First and foremost, while Once a Month Meals strives to be a resource for as many health and allergy needs as possible, we are not healthcare professionals and advise you to consult with yours directly on your personal needs.

However, we did have to build some guidelines into our tag system in order to create a baseline for specific diets such as Paleo Zone, Low Carb, and Low Sodium. Please reference the guidelines below.

Paleo Zone Tags:

For all recipes tagged as “Zone”, you will find recipes that are categorized by their blocks for protein as outlined by the Zone Diet.

The Zone Diet is about focusing and controlling your hormones through food. Eating a food regimen where protein, fat, and carbs are in balance, in turn, balances the hormones in your body. This yields a positive return on your body composition, energy utilization, and blood chemistry.

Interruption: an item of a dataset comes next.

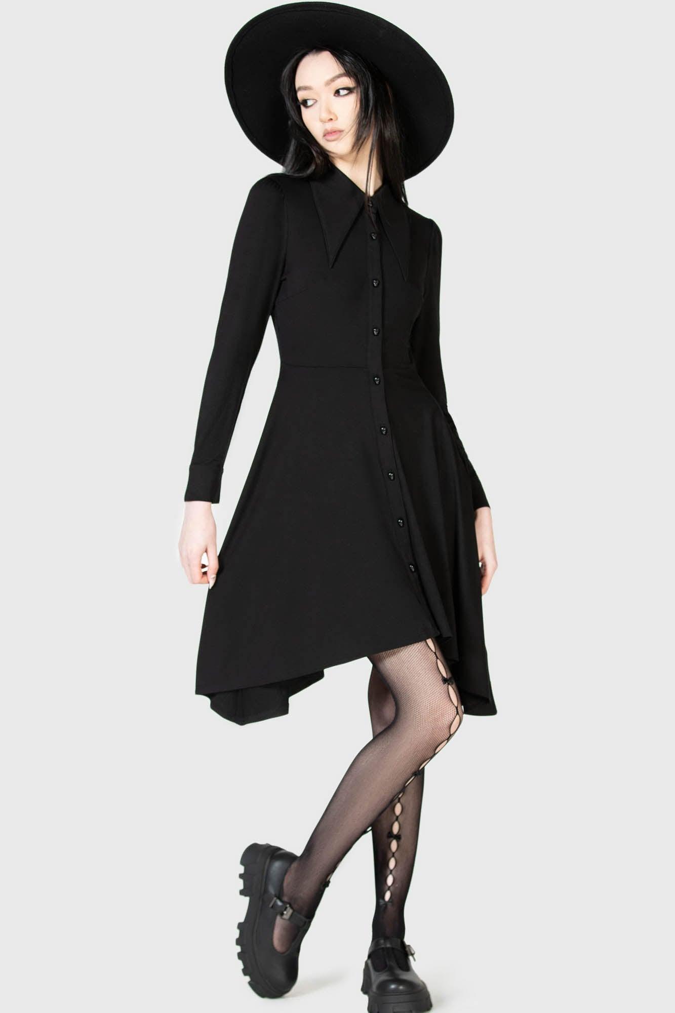 MORWENNA.- Soft, stretch fabric.- Statement skull button up closure.- XL collar.- Hanky hem.- Long, cuffed sleeves.- Fitted.With KILLSTAR branding, 94% Viscose, 6% Elastane.Machine wash cold (30°c) / Do not bleach / Do not tumble dry / Iron at low temperature / Do not dry clean. Imported.
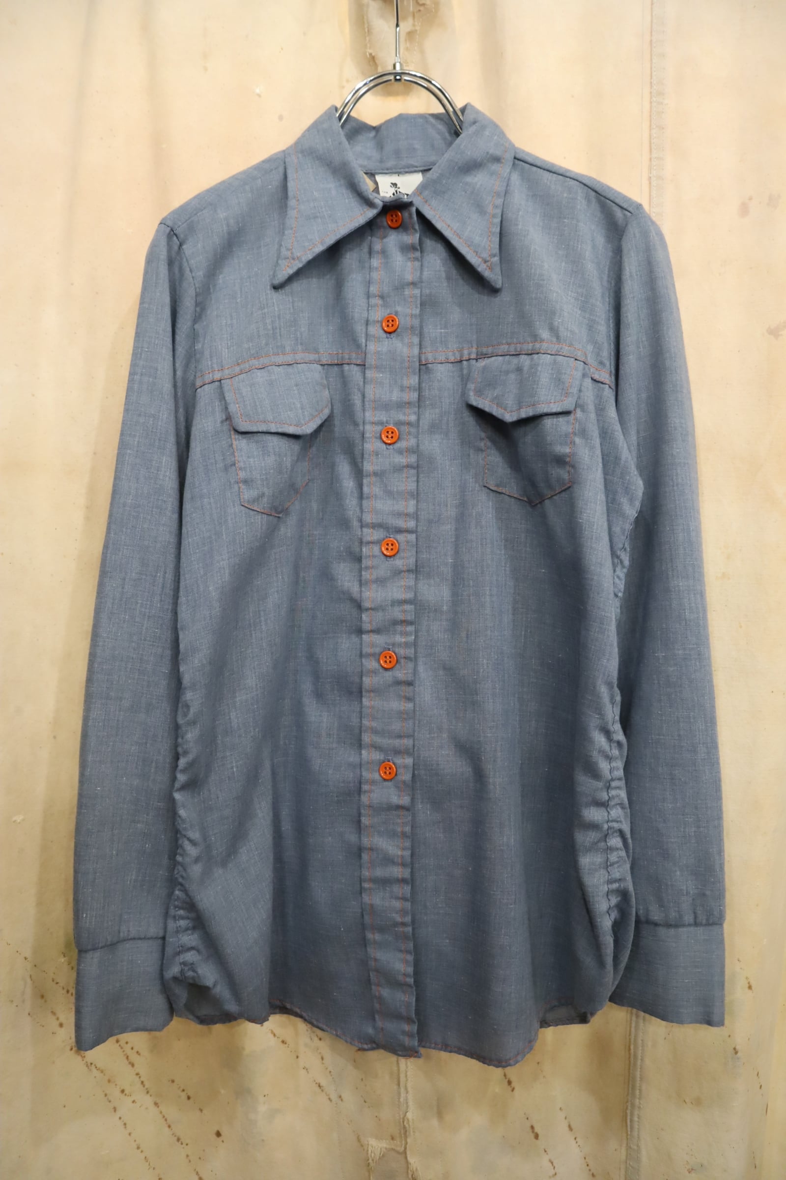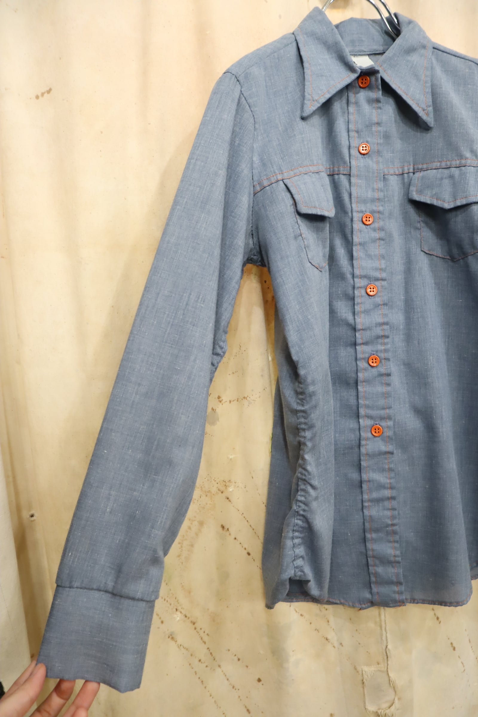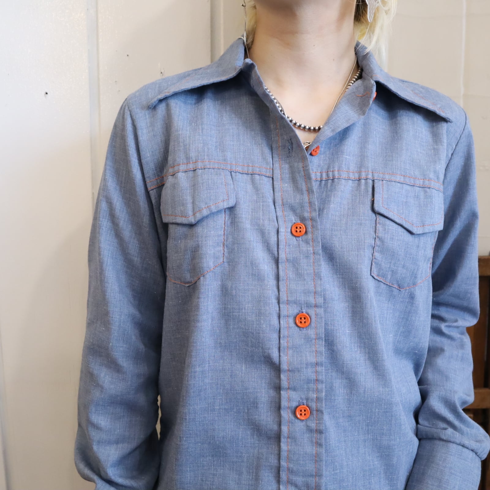 後ろに大きな女の子のワッペンが施されたシャンブレーシャツ。

You will find the following types of food emphasized in these recipes:

  • Proteins – lean, natural meats
  • Carbohydrates – mostly low glycemic fruits and vegetables
  • Fats – Good saturated fats such as olive oil, coconut oil, animal fat, avocados, nuts, butter and ghee

With zoning, you get a set amount of blocks per day according to your weight, body fat, and activity level. You then create your meals with a balanced amount of blocks. A one block meal consists of one choice of protein, one choice of carbohydrate, and one of fat.

Here are the mounts for each block:

  • 1 block Protein = 7 grams
  • 1 block Carbohydrate = 9 grams
  • 1 block Fat  = 3 grams

As mentioned before our tags are noted by the biggest macronutrient, protein. Some recipes will have a 4 block protein, 3 block carb, and 3 block fat, for example. In these instances, you will need to then add one block of fat and carbs to the meal to make a perfectly balanced zone meal.

For more information visit:

Here is a great food guide on blocks for common foods:

Low Carb Tags

All recipes tagged as “low carb” have 20g of carbs or less per serving.

If you need lower than that (i.e. ketogenic diet), then you will have to check the nutritional information included in our Diet and Paleo recipes individually to find what you need. The “Whole30” tag is also a good place to start as there are no added sweeteners, even natural ones.

Low Sodium Tags

All recipes tagged as “low sodium” have 500mg or less per serving.

We recommend that you seek out and purchase low sodium ingredients when possible, even if the grocery list does not specifically list low sodium options.